A while back, we had somewhat reasonable statistics being generated
and presented to the client.    They were not always accurate, but
based on what I saw, I could, pretty much pin certain parts of the
simulator as the limiting factor during load tests.  I'd say, the
number 1 reason that they were semi-accurate and not accurate..  in
the past..   is because nobody ever thought about instrumentation
during the functionality design.     It was always 'tacked on later'.
  One example of this..    is the current AssetCache implementation.
  There's no way, currently, to know, at a glance..   how many
external requests it has open.   Additionally, it will be extremely
difficult to put one in because of the way the objects are designed
and accessed.  To put one in, an event needs to be added to the
IAssetService interface and each AssetCache implementation will need
an interlocked int to count how many gets and puts it currently has
open to the external data source as well as it's own event calling
schedule.   Then, the IAssetService property in Scene, (AssetService)
will need an event handler..   which updates the values in
SimStatsReporter in Scene (StatsReporter).   This idea of external
access resource instrumentation should really have been built in to
the design of the AssetService.

This last recent load test, there were no real statistics that I could
use to determine what the limiting factor was.
Time Dilation was pegged at 1.0..    even when the simulator was
obviously struggling.    Total Frame time (MS) was -50ms even when the
simulation MS was 850ms and the Physics ms was 250ms, so the
inconsistencies made it impossible to know what part of the simulator
was struggling.  Agent Updates were erratic..   sometimes high..
sometimes low when the simulator was fine and when it was struggling.
Pending Uploads and Downloads were always 0, so there was no way to
know how well the simulator was downloading and uploading assets to
and from the grid.   Packet stats were non-existant, so there was no
way to know how well the UDP handlers were faring under the load.
When it crashed, it crashed with a mono based stack trace which
pointed to out of memory errors, so the only way that you could,
scientifically, find out what the issue is..   is to run a load test
under a memory profiler.     We know, that running a public load test
under a memory profiler is quite impractical.
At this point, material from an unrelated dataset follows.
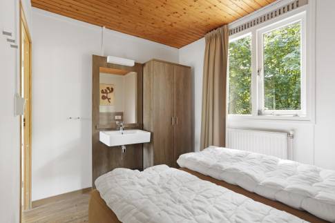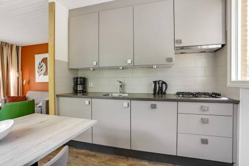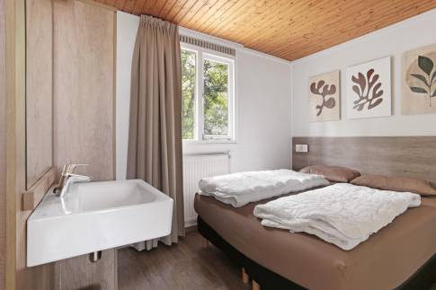 Recreatiewoning 601 (type 4C) is een geschakelde woning en omringd door prachtige natuur, hierdoor is er voldoende privacy. In de gezellige woonkamer met ruime zithoek is dit extra goed zichtbaar, want wanneer u naar buiten kijkt ziet u alleen maar groen. Via de deur is het gemeubileerde terras bereikbaar. De open keuken met eethoek, is uitgerust met verschillende (inbouw)apparatuur zoals een vaatwasser, combimagnetron, koelkast met vriesvak, Senseo- en filterkoffiezetapparaat en een 4-pits gaskookplaat. Er zijn twee slaapkamers aanwezig waarvan één is uitgerust met twee 1-persoons boxsprings met 2-persoonssofttopper en wastafel. De andere slaapkamer beschikt over twee 1-persoons boxsprings. In de badkamer vindt u een douche, ligbad en wastafel. In de hal is een separaat toilet aanwezig. Ook is er nog een inpandige berging aanwezig.

To make something better, I need to know two things, where it is, and
where I want it to be.    How can we make OpenSimulator better if we
don't have statistics that point to where we are currently?

On that note, I propose that, when designing objects for functionality
in OpenSimulator, that we also consider if the objects should be
instrumented and, what would be the best way to go about instrumenting
the objects.  We should incorporate instrumentation into the design of
the objects.   Some of that instrumentation is appropriate for a
client to see, some of it might not be.   Consider that, many of them
should be client facing and be included in the SimStats that get sent
to the client..    so that we can have a reasonable idea of what's
going on with a simulator at a glance.   Also, in the design of the
instrumentation, we make sure that the instrumentation is accurate and
lightweight.

The load test went reasonably...      but, we didn't get half of the
information on the simulator that we needed to be able to improve it.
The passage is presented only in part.